Explanation of Solution

Draw the layout of the gas-turbine plant functioning on the regenerative Brayton cycle as shown in Figure (1).

Consider, the pressure is $P_i$ , the specific volume is $v_i$, the temperature is $T_i$, the entropy is $s_i$, the enthalpy is $h_i$ corresponding to $i^{th}$ state.

Write the expression to calculate the temperature and pressure relation ratio for the isentropic compression process 1-2s.

$T_{2s}=T_1{\left(\frac{P_2}{P_1}\right)}^{\left(k-1\right)/k}$ (I)

Here, the specific heat ratio is k.

Write the expression to calculate the isentropic efficiency of the compressor $\left({\eta }_C\right)$.

${\eta }_C=\frac{\left(T_{2s}-T_1\right)}{\left(T_2-T_1\right)}$ (II)

Write the expression to calculate the temperature and pressure relation ratio for the expansion process 3-4s.

$T_{4s}=T_3{\left(\frac{P_4}{P_3}\right)}^{\left(k-1\right)/k}$ (III)

Write the expression for the isentropic efficiency of the turbine $\left({\eta }_T\right)$.

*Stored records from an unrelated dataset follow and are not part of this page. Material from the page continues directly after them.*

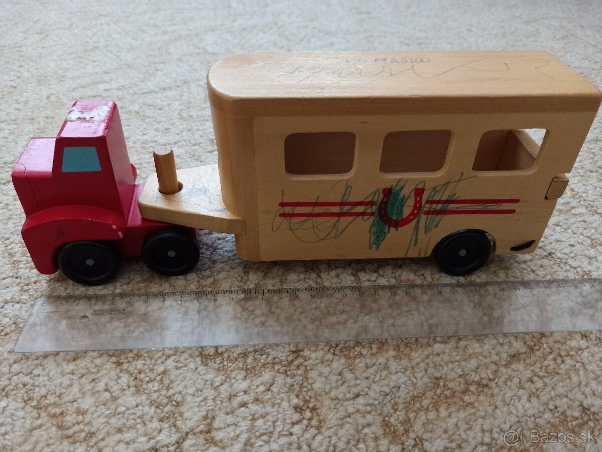Drevené autíčko na prepravu koníka
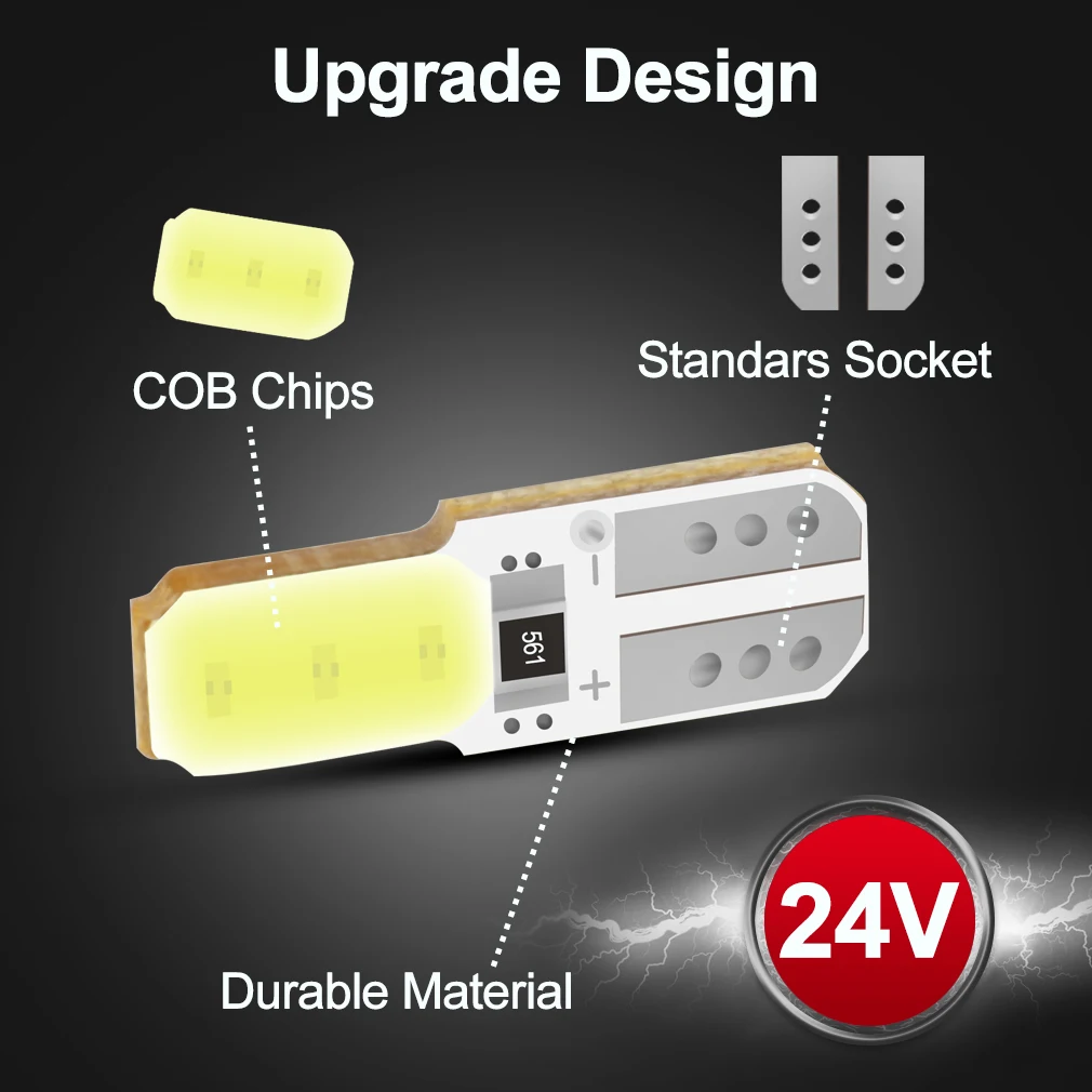 10 шт., 24 В, T10, W5W, 194, 168, COB, светодиодная лампа для автомобильных поворотников, лампа для номерного знака, лампа для стайлинга автомобилей, автомобильные аксессуары
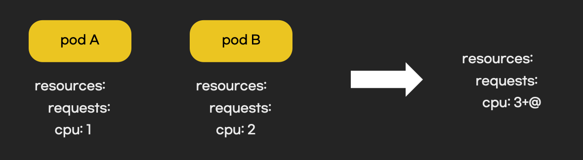 예를 들어 아래 그림 처럼 2개 pod가 있으면, 인스턴스 후보의 cpu는 3코어를 초과해야 합니다. 그리고 NodePool에 정의한 인스턴스 옵션을 고려하여 최종 인스턴스 후보를 결정합니다.
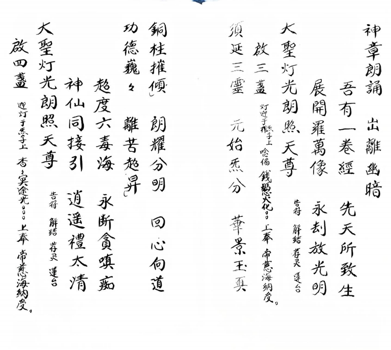 九阳迎灯绕棺sishuge26天前发布关注私信0.88MB7页02114九阳迎灯绕棺此内容为付费资源,请付费后查看¥5¥10VIP会员免费立即购买您当前未登录!建议登陆后购买,可保存购买订单付费资源 第1页 / 共7页 第2页 / 共7页 第3页 / 共7页 第4页 / 共7页 第5页 / 共7页 第6页 / 共7页 第7页 / 共7页 已完成全部阅读,共7页 © 版权声明文章版权归作者所有,未经允许请勿转载。THE END道法符咒# 道家# 科仪# 湖南地区科书 文本预览 混合自然上“禪善上華帝恶海朝受風雷地傲生神天帝大聖灯光朝照天亨对軍熙量有法悟無法功德莫能量道沙目然花玉京仙範上生天堂龍漢開光香+实途光。2°照獨重陰生神寶章九陽迎燈遠馆道塊五若停酸游行三界告得解结交灯蓮台無修却有价混元祖焉孝士度誠体燈供候聖福海納发 查看更多 收起部分 喜欢就支持一下吧点赞14 分享QQ空间微博QQ好友海报分享复制链接收藏
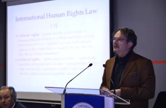 During the introductory speech, IUS Rector, Prof. Dr. Yücel Oğurlu welcomed the distinguished guests and stressed the importance of two very important events that occurred during the past 20 years in BiH, namely the signing of the Dayton Peace Agreement and the genocide in Srebrenica. ‘’It is affecting an all structures of the county. Today the Dayton is highly involved in constitutional law and law in general in Bosnia what is reflected in everyday life. In one hand, it brought peace, but on the other hand it is obstructing further development of the country’’ - said Rector Oğurlu. During the discussion, the panelists talked about one of the most important dates in modern BH history, the signing of the Dayton Peace Agreement which ended the war in 1995 in Bosnia and Herzegovina. ''As a member of the International Criminal Court (ICC), I would like to point out that the Court was created to be protector of human rights, to prevent violence and it was intended to complement existing national judicial systems which is still crucial part of Dayton Peace Agreement implementation’’ - said Prof. Dr. Hadi Shalluf.

$\begin{array}{l}{\eta }_T=\frac{\left(T_3-T_4\right)}{\left(T_3-T_{4s}\right)}\\ T_4=T_3-{\eta }_T\left(T_3-T_{4s}\right)\end{array}$ (IV)

Conclusion:

From Table A-2b, “Ideal-gas specific heats of various common gases”, obtain the following values of air at $500°\text{C}\left(773\text{K}\right)$.

$\begin{array}{l}{c}_p=1.093\text{kJ}/\text{kg}\cdot \text{K}\\ c_v=0.806\text{kJ}/\text{kg}\cdot \text{K}\\ R=0.287\text{kJ}/\text{kg}\cdot \text{K}\\ k=1.357\end{array}$

Substitute 303 K for $T_1$, 700 kPa for $P_2$, 100 kPa for $P_1$ and 1.357 for k to find $T_{2s}$ in Equation (I).

$\begin{array}{c}{T}_{2s}=\left(303\text{K}\right){\left(\frac{700\text{kPa}}{100\text{kPa}}\right)}^{1.357-1/1.357}\\ =505.6\text{K}\end{array}$

Substitute 303 K for $T_1$, 505.6 K for $T_{2s}$, and 533 K for $T_2$ in Equation (II).

$\begin{array}{c}{\eta }_C=\frac{\left(505.6-303\right)\text{K}}{\left(533-303\right)\text{K}}\\ =0.881\times 100\%\\ =88.1\%\end{array}$

Thus, the isentropic efficiency of the compressor is $88.1\%$.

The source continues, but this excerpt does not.